Post and Telegraph local roll of honour boards

Members of the Post and Telegraph Department initiated roll of honour boards in a number of parts of the country during the First World War. These were displayed inside the main post office in the district. All named the employees who had gone on active service, not only those who had died.

The Hamilton board (pictured), unveiled on Anzac Day 1917, was made of rimu by W.E. Burrow, a local cabinetmaker. It featured the motto ‘Deus et Libertatus’ (God and Liberty) at the top and coloured flags of various Allies with the Union Jack at the centre. Names continued to be added to the board.
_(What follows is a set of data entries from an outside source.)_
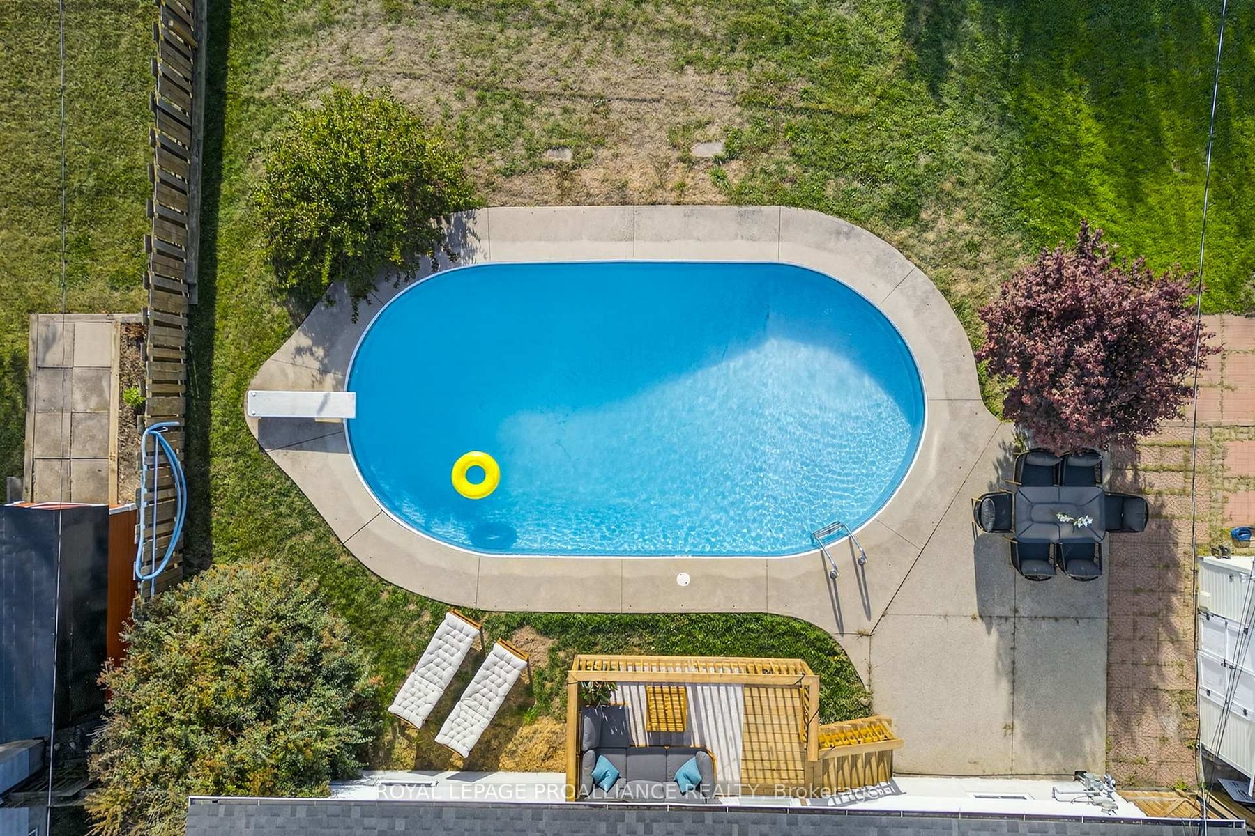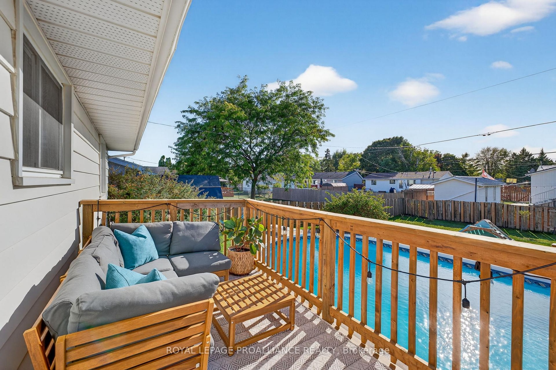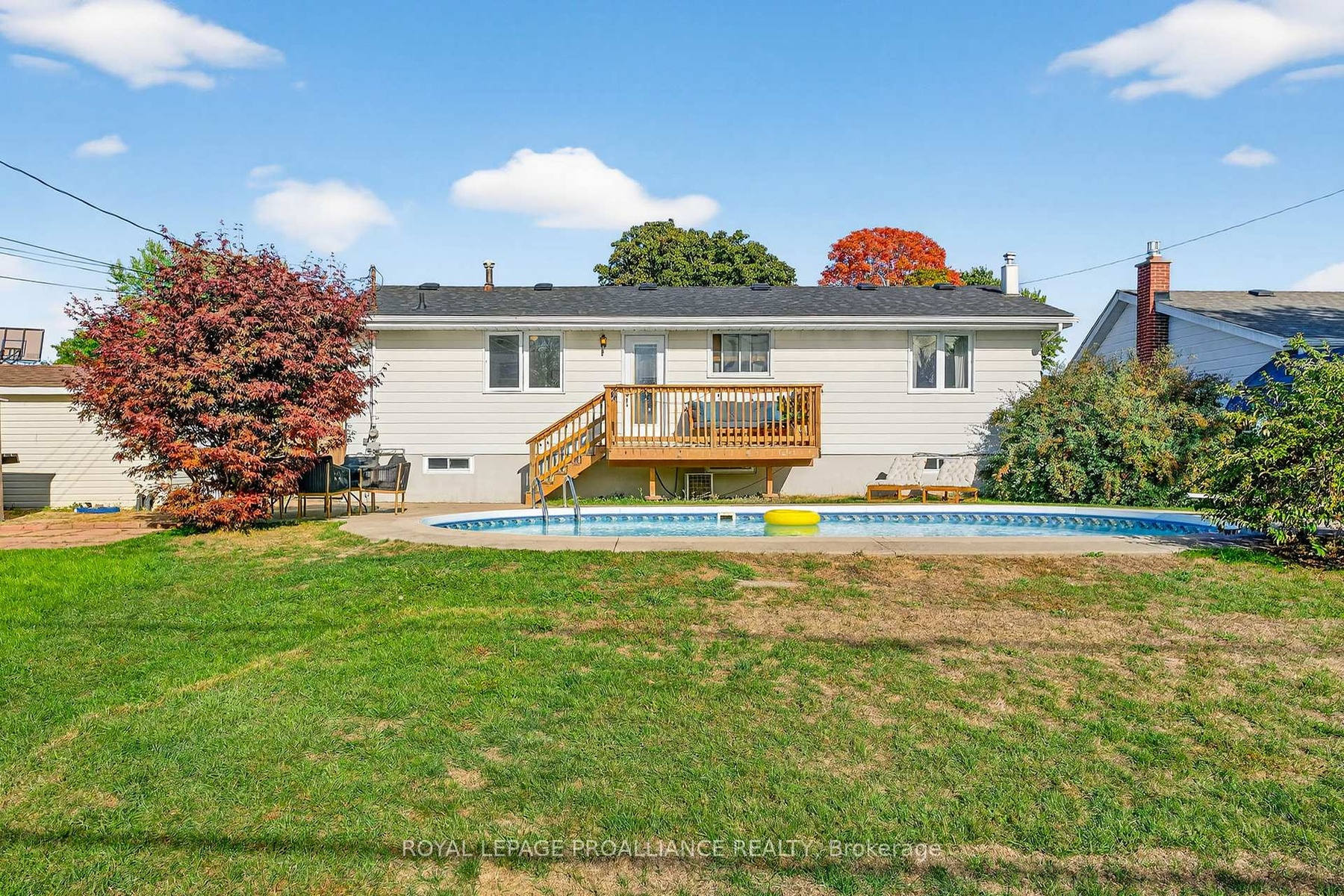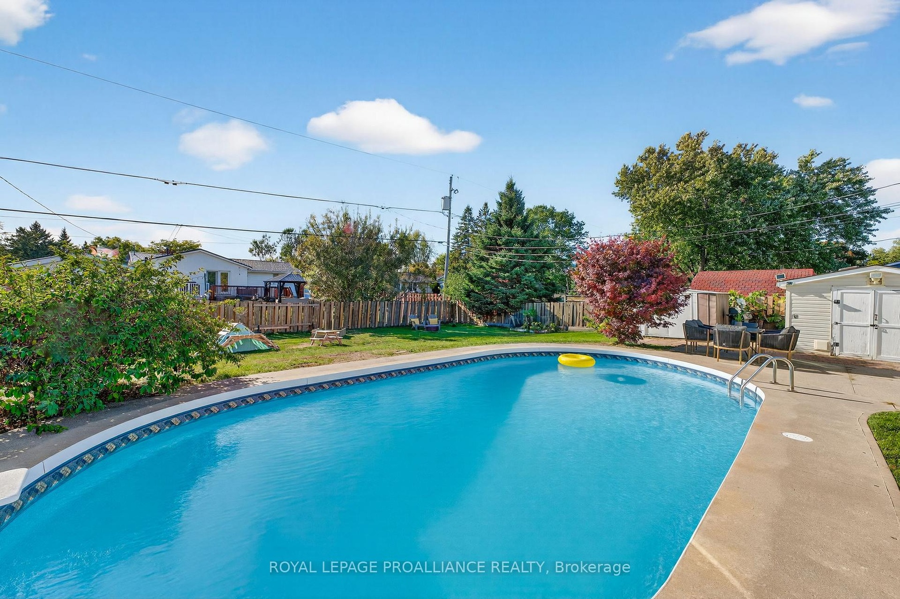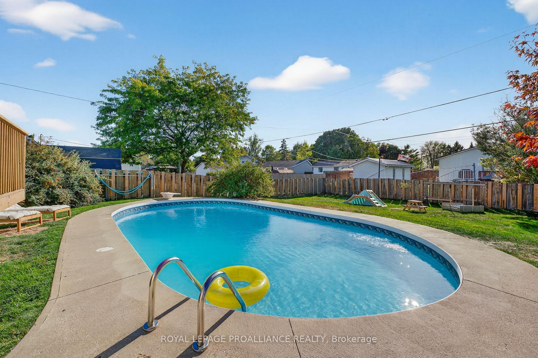 Welcome to this beautifully updated 3+1 bedroom, 2 bathroom bungalow offering comfort, style, and a stunning outdoor space with an in-ground pool, perfect for family living and entertaining. Situated on a quiet street, this home is ideal for first-time buyers and growing families alike. The main floor features warm hardwood flooring throughout and a bright, inviting layout. The updated eat-in kitchen is the heart of the home, boasting quartz countertops, and plenty of space for family meals or morning coffee by the window. The adjoining living area provides a cozy space to relax or gather with friends and loved ones. Downstairs, the fully finished basement is ready for your vision adding versatile living space, featuring a spacious family room with a gas fireplace, a 3-piece bathroom, and an additional bedroom or home office perfect for guests, teens, or remote work. Step outside to your private backyard oasis, complete with an in-ground pool, deck, multiple storage sheds, and a large green space ideal for kids, pets, or hosting summer gatherings. With numerous updates throughout and a prime location close to shopping, schools, and amenities and just a short drive to Kingston this home seamlessly combines convenience, comfort, and charm.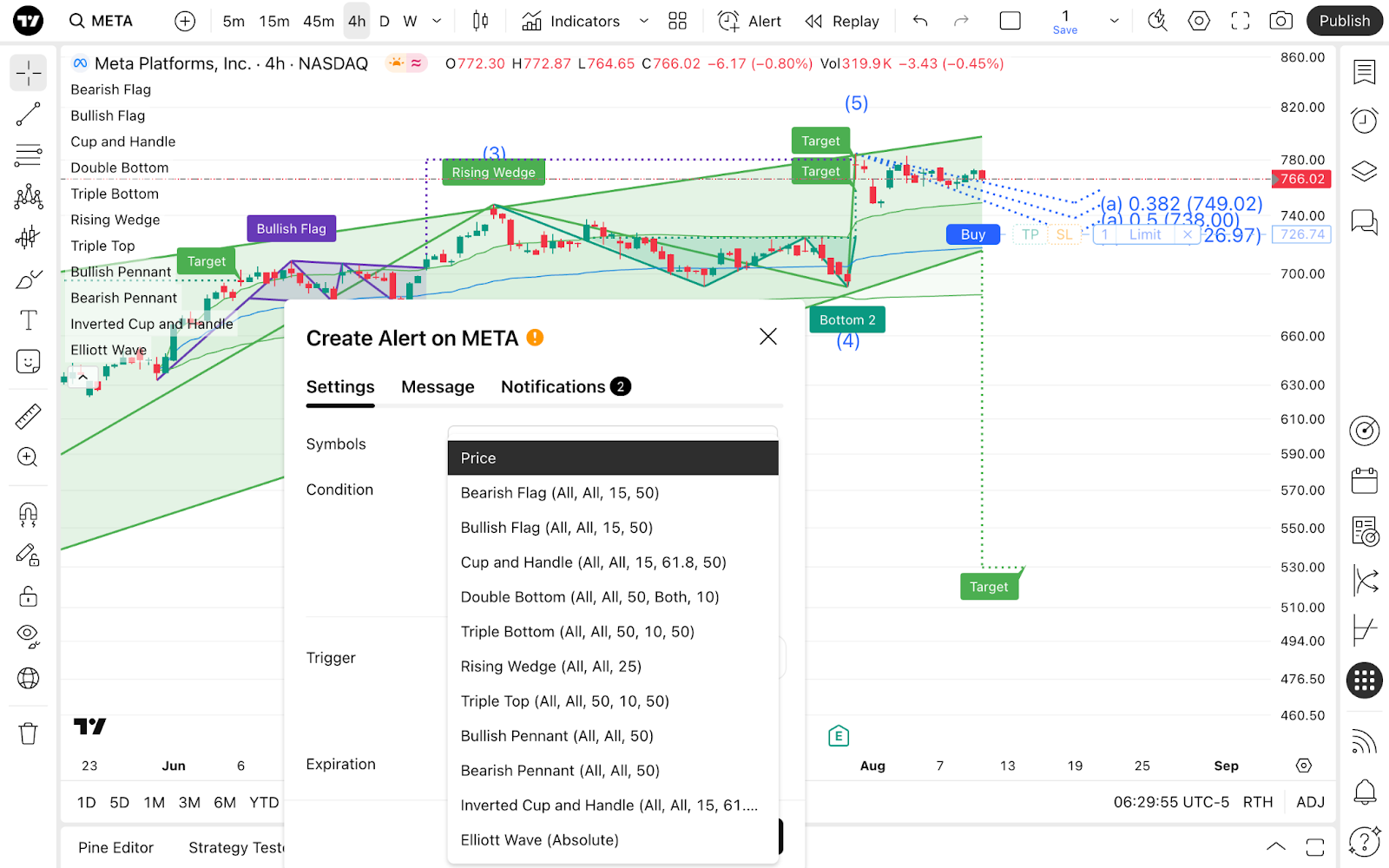 Anda dapat mengatur peringatan untuk motif chart yang terdeteksi secara otomatis. Peringatan ini mengidentifikasi penembusan motif, mengenali formasi baru, dan memberi tahu Anda tentang motif yang mencapai targetnya.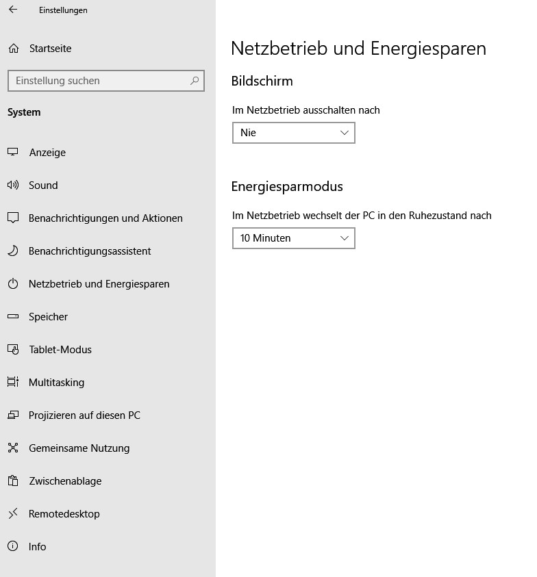 Es gibt unter Netzbetrieb und Energiesparen vier Optionen : Bildschirm ausschalten (Netzmodus/Akkumodus) und Energiesparmodus (Netzmodus/Akkumodus). Letzteres funktionierte nicht bei meinem 2019er-Modell und beim Vorführgerät.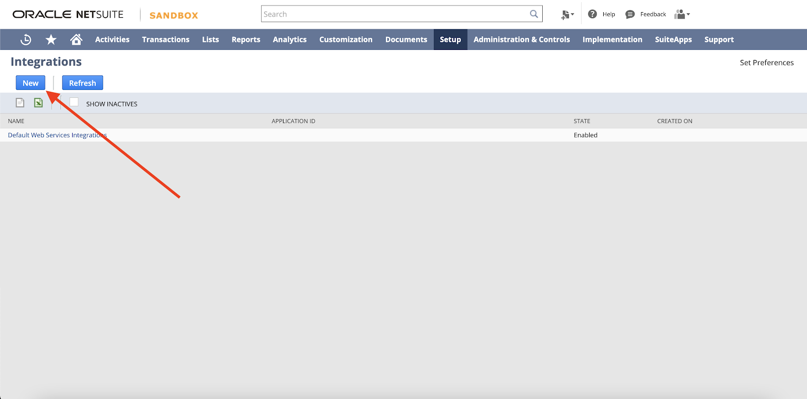 Once you're on the Manage Integrations page, press New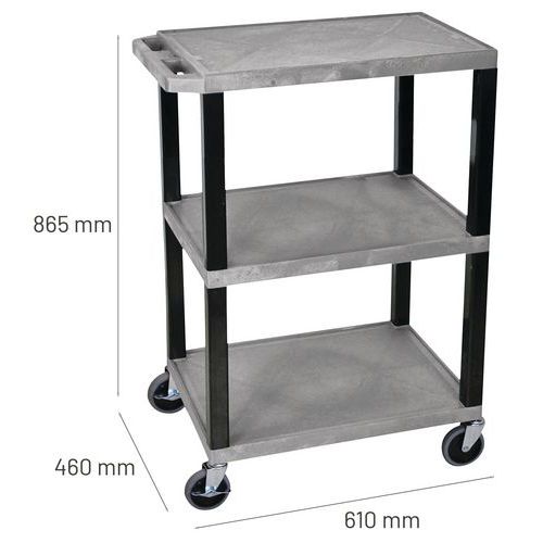 Wagen van gerecycled kunststof - 3 plateaus - Hoogte 108 cm - Draagvermogen 180 kg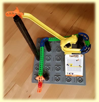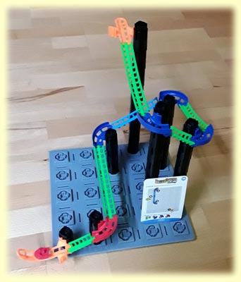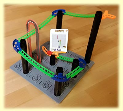 Aus wie vielen Teilen die Achterbahn erstellt werden soll, gibt die Anleitung vor. Ein Teil der Achterbahn wird schon aufgebaut, der Rest muss mit jenen Teilen angefertigt werden, die ebenfalls auf der Aufgabenkarte angegeben sind. Dabei ist die Anzahl der Pfosten- und Streckenteile (gerade und kurvige) für den Schwierigkeitsgrad verantwortlich. Außerdem zeigen die Verbindungsstücke durch ihre Farbe an, wie hoch der Höhenunterschied von einer Säule zur nächsten sein wird. Wie bei einer echten Achterbahn auch, gibt es Sturzfahrten, Loopings oder gemütliche Abschnitte mit wenig Gefälle.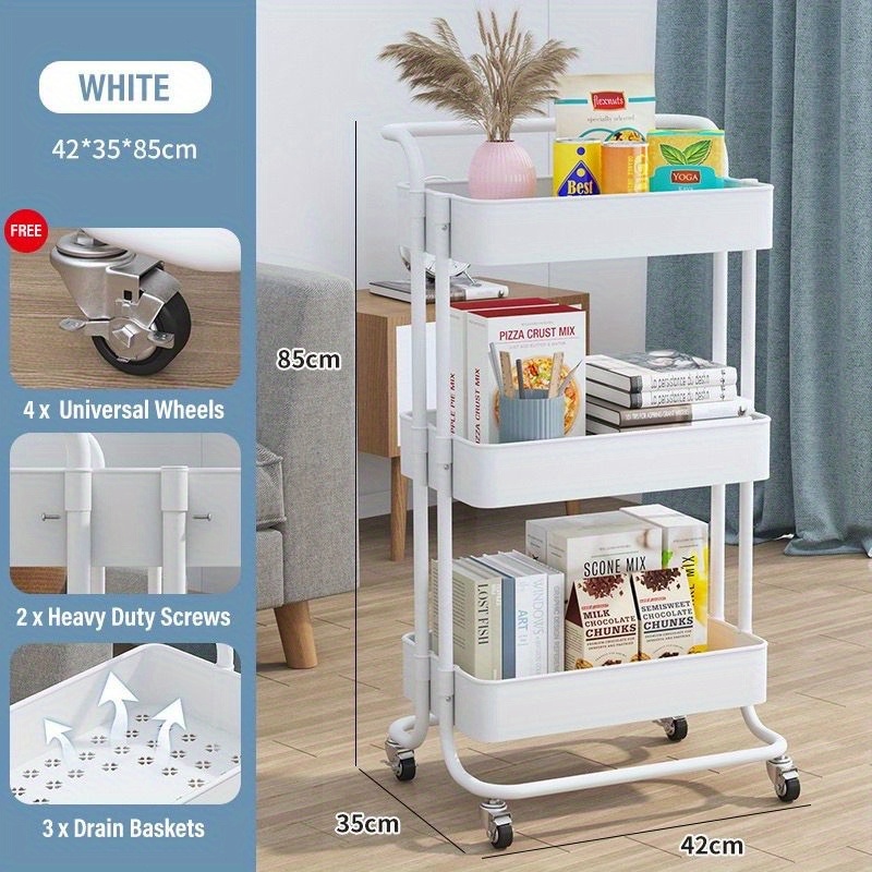 TEMU All Metal Trolley Cart Organizer Shelf With W...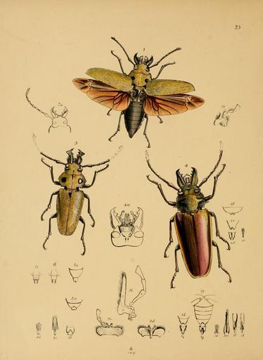 | Keywords: CabinetOrientalEntomology23.jpg en ORDER ”COLEOPTERA Section ”Longicorns Family ”Trictenotomidae Westw The first notice of the type of this very anomalous group of insects appeared in a note appended to a paper of mine in the I8-th number of the Zoological Journal published in 1S30 in which I regarded it as a connecting link between the Prionidae and Lucanidae agreeing with the former in its general appearance short trigonate advanced mandibles and moderately long antenna whilst in the internally produced structure of the three terminal joints of the antennae it agrees with Lucanus observing moreover that the joints of the tarsi are cylindric as in the latter but the insect is heteromerous Shortly afterwards a figure of the type Trictenotoma Childrenii was pubhshed from a drawiug of mine in the plates to Griffith's edition of the Animal Kingdom and M Guerin Meneville also gave a figure of it in his Magasin de Zoologie pi 35 with a notice by M Dupont in which the position of the genus was considered to be en tete des Longicornes famille on par tous ses rapports il entre tout naturellement During the period which has since elapsed no further attempt has been made to investigate the affinities of the genus by an examination of its structural characters Having however recently received a specimen of T Childrenii from Assam by the kindness of Major Jenkins and two other new and very distinct species having also been recently received in this country I have submitted the whole to a careful investigation the result of which is before the student in the accompanying plate From the considerations derived from the structure not only of the mouth organs but also the position of the wing veins and numerical arrangement of the abdominal segments I have no longer any hesitation in referring the insect to the section Longicornes notwithstanding the internally produced terminal joints of the antennae which is too trivial a character to be considered of high importance in limiting the groups the heteromerous tarsi and the structure of the organs of generation Moreover its nearest affinities appear to be the Prionidae especially in the poi-rected head and mandibles moderately short antennae slightly emarginate eyes and wing veins From these however it difi'ers in several respects so that I have considered it more natural to regard it as the type of a distinct family which may be thus characterised TRICTENOTOMIDAE Westw Head horizontal ; eyes transverse slightly emarginate behind the base of the antennae ; labrum short transverse; mandibles porrected nearly alike in both sexes Maxillae with the inner lobe scarcely produced outer lobe long narrow and haiiy ; mentum broad with the sides elevated ; labium short bipartite ; antennae moderately long ; those of the males rather more elongated ; three terminal joints internally serrated Pronotiun with the hind margin lobed in the middle ; wings folded at about threefourths of theii length from the base ; abdomen with seven dorsal and five ventral segments ; the terminal dorsal segment in the male notched ; the terminal ventral segment in the same sex more deeply I 2 notched ; the last dorsal segment of the female elongate-conic and notched ; the last ventral segment in the same sex entire ; ventral surface of the sheath of the male organs deeply notched ; the latter furnished with two long slender horny filaments ; sheath of the ovipositor of the female flattened and furnished with two slender hairy filaments; legs moderately long; all the tibice entire along the external margin and with two minute apical spurs ; tarsi sub-cylindric heteromerous the underside of each joint clothed with a short velvety pad ; body more or less clothed with a delicate pubescence The family consists at present of the single genus Trictenotoma of which I have now the pleasure to describe three species FIGURES I 2 ”Species 1 TRICTENOTOMA CHILDRENII G R Gray in Griflf An K pl 5 5 3 Trictenotoma nigra supra undique griseo-luteo pubescens mandibulis in utroque sexu subfalcatis antennis pedibus maculisque duabus elevatis prouoti nigris hujus lateribus sub-angulatis scutello triangiilari Trictenotoma blael; covered on the upper surface nitU luteous-grey pubescence the mandibles in both sexes subfalcate antennse legs and two elevated spots on the pronotum black ; the sides of the latter somewhat angulated ; and the scutellum triangular Length of the insect 11 to 2J inches Inhabits various pai-ts of India In the Collections of the British Museum Zoological Society Hope Pan-y Westwood c Figure 1 The female of the natural size; la the last ventral segment of the abdomen with the last dorsal segment extending beyond its extremity; lb Ic sheath of the ovipositor Figure 2a head of the male; 2b maxilla 1 cardo 2 stipes 3 mando 4 squama palpigera 5 galea 6 palpus 2c 2d 2e instrumenta labiaHa in different positions; 2 f under-side of abdomen of this sex; 2g under-side of sheath; 2h last dorsal segment of abdomen; 2i upper side of sheath; 2 k 21 inner sheath ; 2 m male organ; 2 n apex of ditto FIGURE 3 ”Species 2 TRICTENOTOMA TEMPLETONII Westw J Trictenotoma nigra supra luteo-albido pubescens mandibulis maris e vtus viilde sinuatis dente magno subapicali erecto armatis antennis pedibus maculisque duabus elevatis pronoti nigris hujus lateribus angulatis scutello triangulari Trictenotoma black above clothed «ith a luteous-buff pubescence the mandibles of the male outwardly much sinuated and ai-med near the apex with a large upright tooth ; the antenna; legs and two elevated spots on the pronotum shining black the sides of the latter angulated and the scutellum triangular Length of the insect nearly 2J inches Inhabits the island of Ceylon In the Collection of R Templeton Esq Figure 3 The male of the natural size; 3 a the last ventral segment of the abdomen showing the extremity of the last dorsal segment which is scarcely emarginate; 3 b the under-side of the sheath 3c male organ;

Some boards were made by employees of the department. The Masterton board, unveiled in March 1917, appears to have been a framed handwritten list. It was ‘neatly executed’ by Joseph Justus of the ‘telephone staff’ and framed by W. Christie of the ‘telephone construction’ staff. [1] The Gisborne board, unveiled in March 1918, was made by a local postmaster, R.R.I. Scott. More elaborate than Masterton’s framed list, it consisted of an oak board approximately 5 feet square.

Boards were also assembled in Christchurch, Nelson and Palmerston North. It is not known whether any of these boards survive. 

The Post and Telegraph Department developed a national roll of honour board which listed the names and ranks of all those wounded or killed during the First World War. It is now held unframed at Archives New Zealand.